In 2018, the Disclosure of Representation in Trading Services form was made necessary for real estate professionals as part of the Real Estate Services Act’s Real Estate Rules.
Consumers must be informed about whether or not a real estate agent will represent them as a client and what obligations they have to clients and non-clients. When a customer becomes a real estate agent’s client, the agent is obligated to act in their best interests. On the other hand, customers may deal with real estate agents without becoming clients and they will get restricted services and must be aware of the dangers of being non-clients (also known as unrepresented parties).
In British Columbia, licensed real estate professionals must provide customers with information about the services they anticipate, the risks of going it alone in a real estate transaction, and commissions. Real estate professionals assist and ensure that customers have the information to make wise choices in a real estate transaction by providing these disclosures. It’s just one of the ways that real estate agents in British Columbia maintain professional standards by adhering to laws and regulations meant to safeguard customers.
The central concept behind Disclosure of Representation in Trading Services (DORTS) is to notify a realtor’s clients about their rights in the relationship and the obligations and responsibilities the realtor owes them.
Conflicts of interest should be avoided at all costs; any scenario that interferes with their obligation to act in your best interests should be avoided. In addition, they must fully disclose any information they have that might influence your choices. They are obligated to keep your information confidential until you permit them to do so.
As a client, you have many options in BC. Licensed Realtors work via “brokerages” to deliver their services. When you become a real estate agent client, the agreement you sign is with their brokerage. All of the firm’s Realtors represent you as a brokerage agency. Accordingly, all are subject to the same legal obligations as those listed above.

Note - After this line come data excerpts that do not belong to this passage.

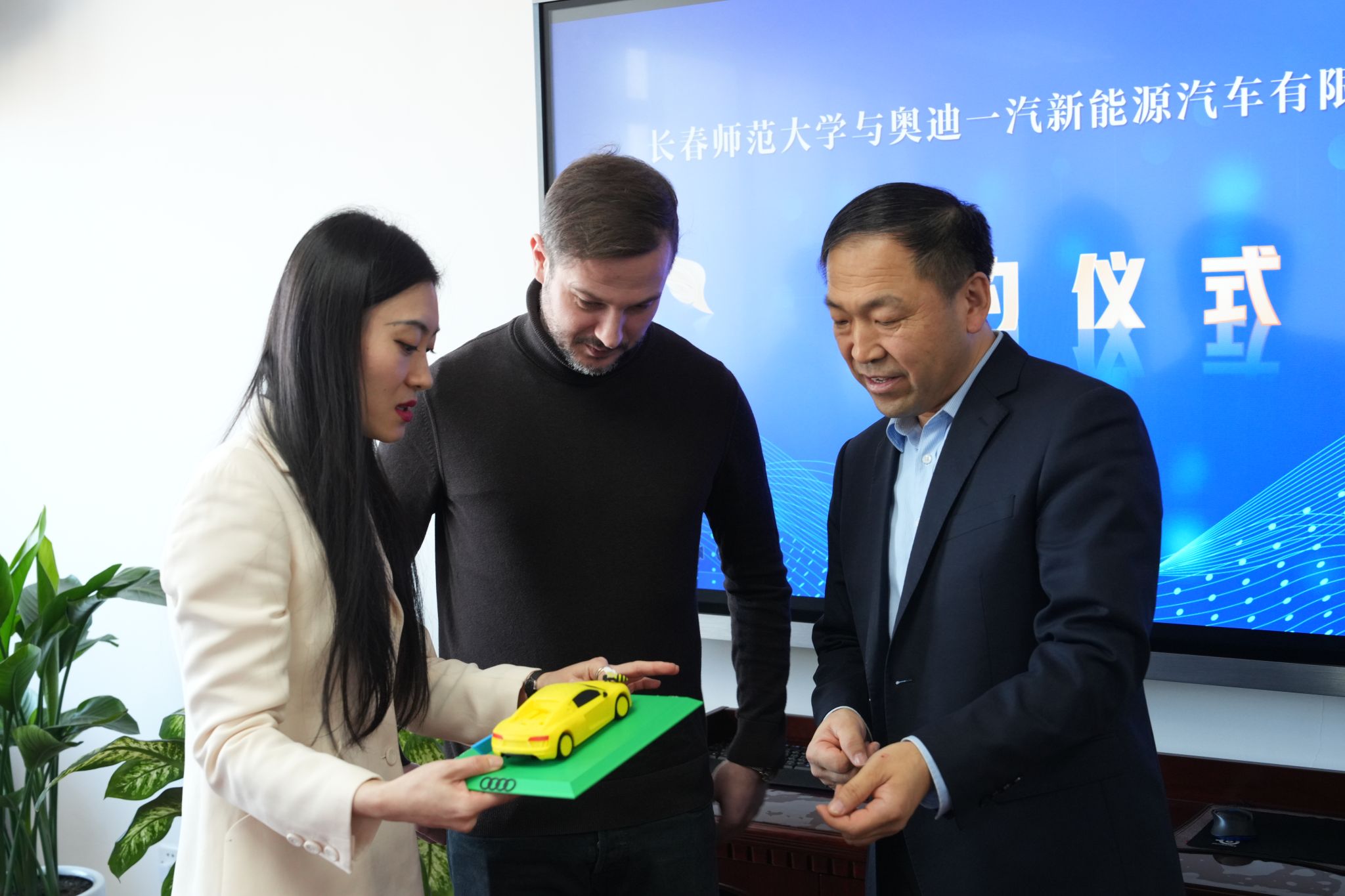 12月10日,学校与奥迪一汽新能源汽车有限公司举行熊蜂项目合作签约仪式。学校副校长吴广峰,奥迪一汽新能源汽车有限公司德方代表Benz Waldemar出席会议。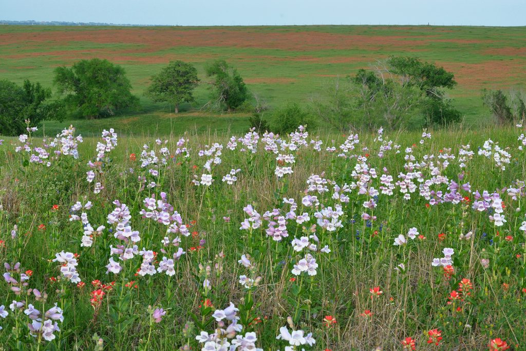Sideoats grama was added, along with some Canada wildrye, plus the wildflowers black-eyed Susan (yellow, spring to fall), diamond flower (tiny white spring to fall, Beatrice, liatris (summer, purple), and mondara (lavender, early summer).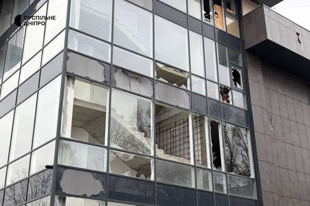 Вигляд будівель поблизу місця влучання російської ракети у Дніпрі 1 грудня / Фото: «Суспільне Дніпро»Вранці 1 грудня російські війська здійснили ракетний удар по Дніпру, внаслідок чого загинули троє людей.

Only your selected realtor acts as your designated agent. Without your agreement, they may not disclose your private information to other brokerage agents. Confirmation of Disclosure A Realtor must give you the DORTS form before providing any trading services. This statement is accurate not just for residential properties; it must also be provided to people working with a real estate professional to rent or lease property, as well as those involved in commercial real estate transactions.
After reading the DORTS document, sign the form to acknowledge that you have received this consumer protection information. Your agent must sign and submit the disclosure form to their brokerage. In the case you decide that you don’t need a realtor after reading the DORTS paper, they may provide you with the Disclosure of Risks to Unrepresented Parties form.